**Directions for this task**
With any pictures left out, restate word for word the lines in the listing below from the one holding "Antique 5 panel" through the last.

**Exercise data**
==============================
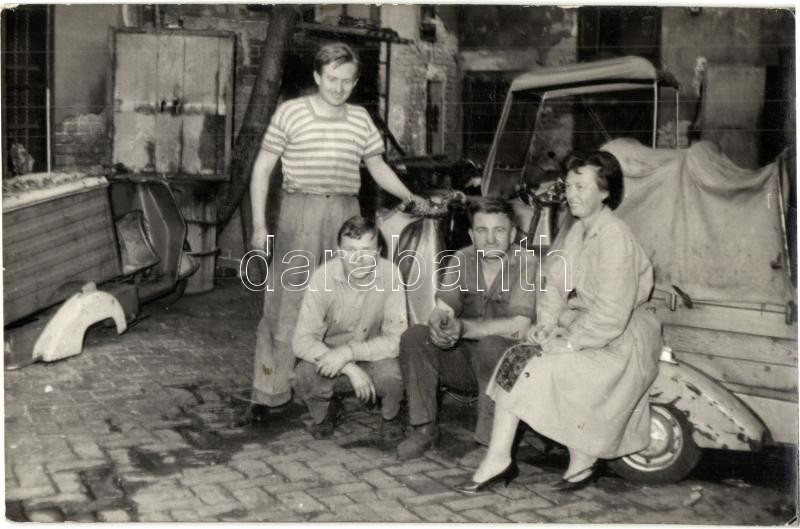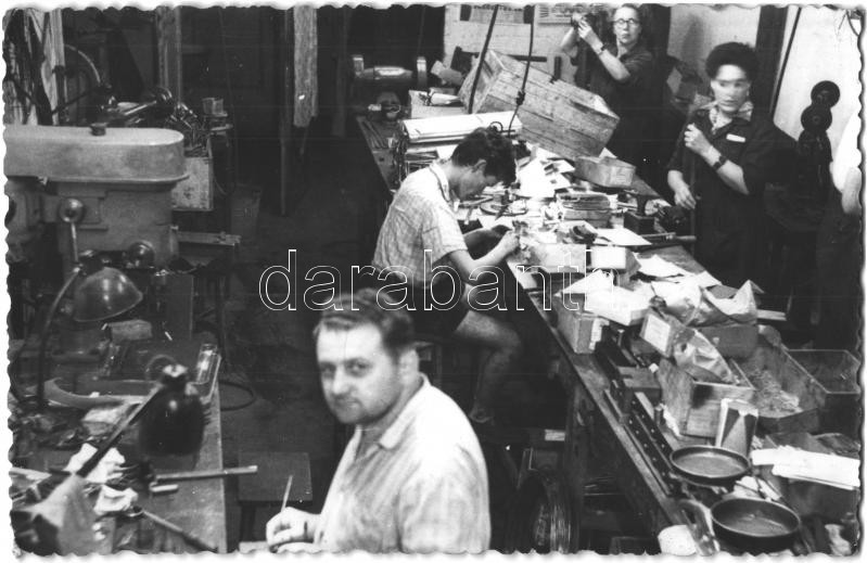 18 db modern fotó és képeslap a szocializmus idejéből; gyár belsők munkásokkal, családi fotók / 18 modern photos and postcards from the socialist era in Hungary; factory interiors with workers, family photos
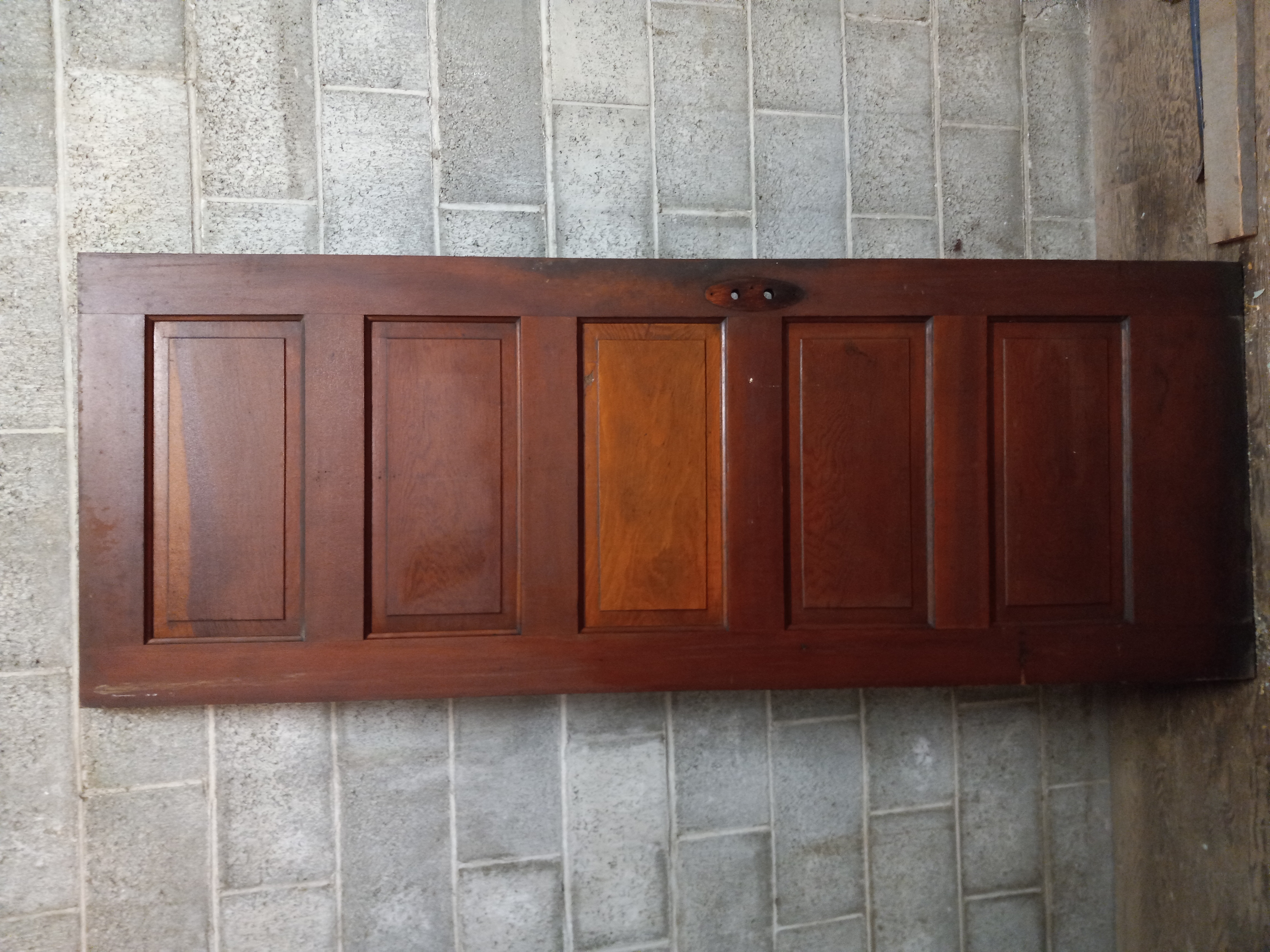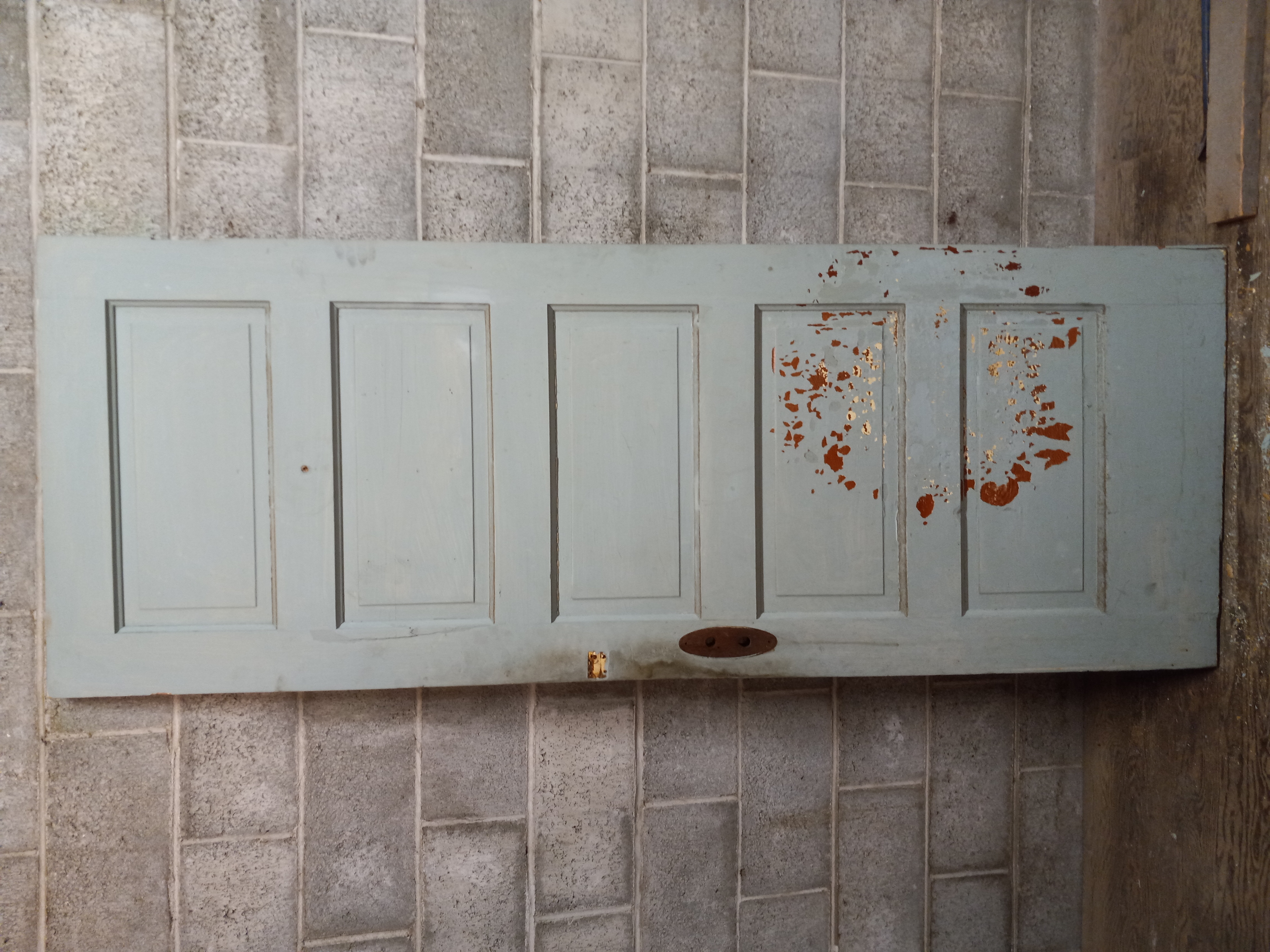 Antique 5 panel half painted door. Paint chipping, could use a scrubbing.
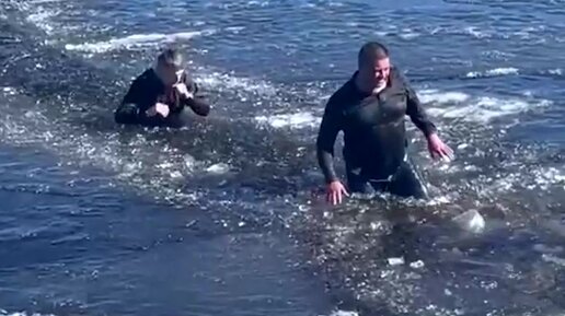Спасение собак из ледяного озера
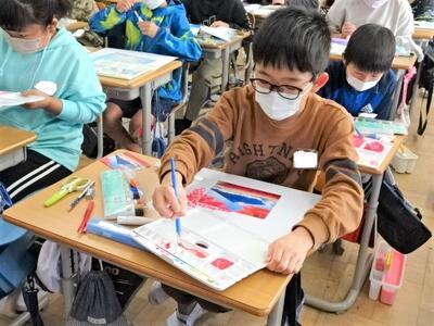 【4年生】1枚目の写真は、図画工作の時間の様子です。「わすれられないあの時」という題材の学習で、生活の中で心に残っていることから表したい様子を浮かべ、そのときに感じた気持ちに合う形や色を見つけながら絵に表す活動です。子どもたちは、いろいろと考えながら、画用紙に描き始めていました。
==============================
**Completed task**
 Antique 5 panel half painted door. Paint chipping, could use a scrubbing.
Спасение собак из ледяного озера
 【4年生】1枚目の写真は、図画工作の時間の様子です。「わすれられないあの時」という題材の学習で、生活の中で心に残っていることから表したい様子を浮かべ、そのときに感じた気持ちに合う形や色を見つけながら絵に表す活動です。子どもたちは、いろいろと考えながら、画用紙に描き始めていました。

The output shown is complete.